▶ SUPPLIED ENTRIES
□ □ □ □ □ □ □

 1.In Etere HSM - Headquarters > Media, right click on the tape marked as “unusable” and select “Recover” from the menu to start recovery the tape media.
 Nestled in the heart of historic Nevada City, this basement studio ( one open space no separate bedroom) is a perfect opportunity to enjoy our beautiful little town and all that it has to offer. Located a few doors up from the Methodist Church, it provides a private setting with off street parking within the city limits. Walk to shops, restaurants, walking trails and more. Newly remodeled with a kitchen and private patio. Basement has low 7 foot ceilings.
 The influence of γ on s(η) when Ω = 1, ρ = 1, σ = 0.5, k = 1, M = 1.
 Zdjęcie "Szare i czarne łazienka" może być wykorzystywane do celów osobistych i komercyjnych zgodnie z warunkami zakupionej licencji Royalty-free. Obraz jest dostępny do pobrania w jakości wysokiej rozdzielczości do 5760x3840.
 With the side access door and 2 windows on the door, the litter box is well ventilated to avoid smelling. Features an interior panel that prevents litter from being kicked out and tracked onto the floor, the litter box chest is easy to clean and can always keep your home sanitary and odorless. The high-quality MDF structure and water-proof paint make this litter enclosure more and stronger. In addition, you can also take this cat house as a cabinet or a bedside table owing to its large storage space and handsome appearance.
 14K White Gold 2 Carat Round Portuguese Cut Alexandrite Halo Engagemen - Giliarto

□ □ □ □ □ □ □

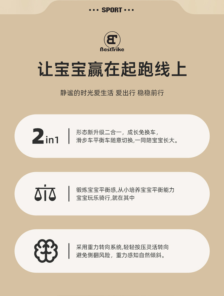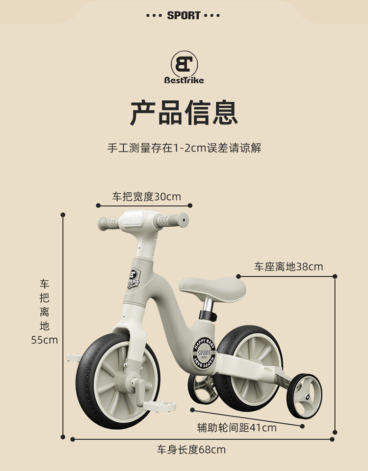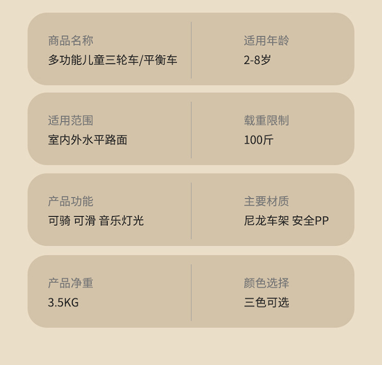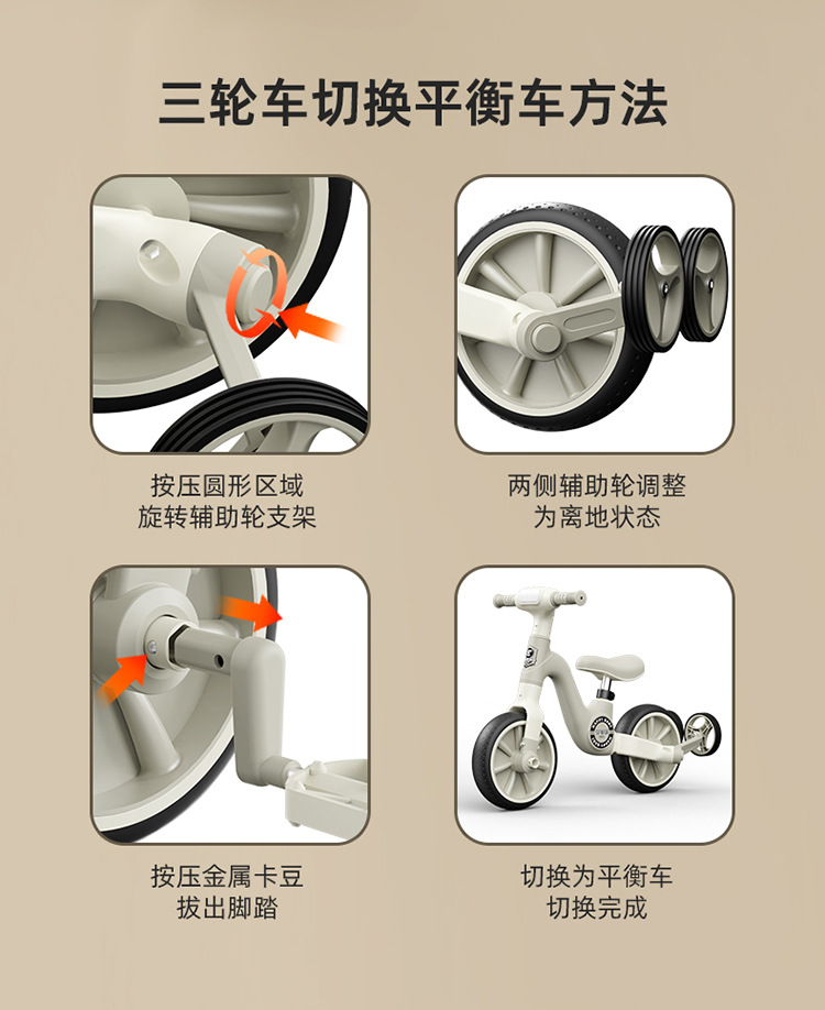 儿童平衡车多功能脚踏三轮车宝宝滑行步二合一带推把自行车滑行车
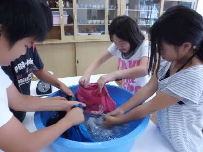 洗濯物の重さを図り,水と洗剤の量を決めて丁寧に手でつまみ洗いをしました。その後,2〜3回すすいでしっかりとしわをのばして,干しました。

□ □ □ □ □ □ □

▶ TASK STATEMENT
Leaving every picture aside, reproduce exactly the lines above from the one with "儿童平衡车多功能脚踏三轮车宝宝滑行步二合一带推把自行车滑行车" up to and including the one with "洗濯物の重さを図り,水と洗剤", and no others.

▶ WRITTEN RESPONSE
 儿童平衡车多功能脚踏三轮车宝宝滑行步二合一带推把自行车滑行车
 洗濯物の重さを図り,水と洗剤の量を決めて丁寧に手でつまみ洗いをしました。その後,2〜3回すすいでしっかりとしわをのばして,干しました。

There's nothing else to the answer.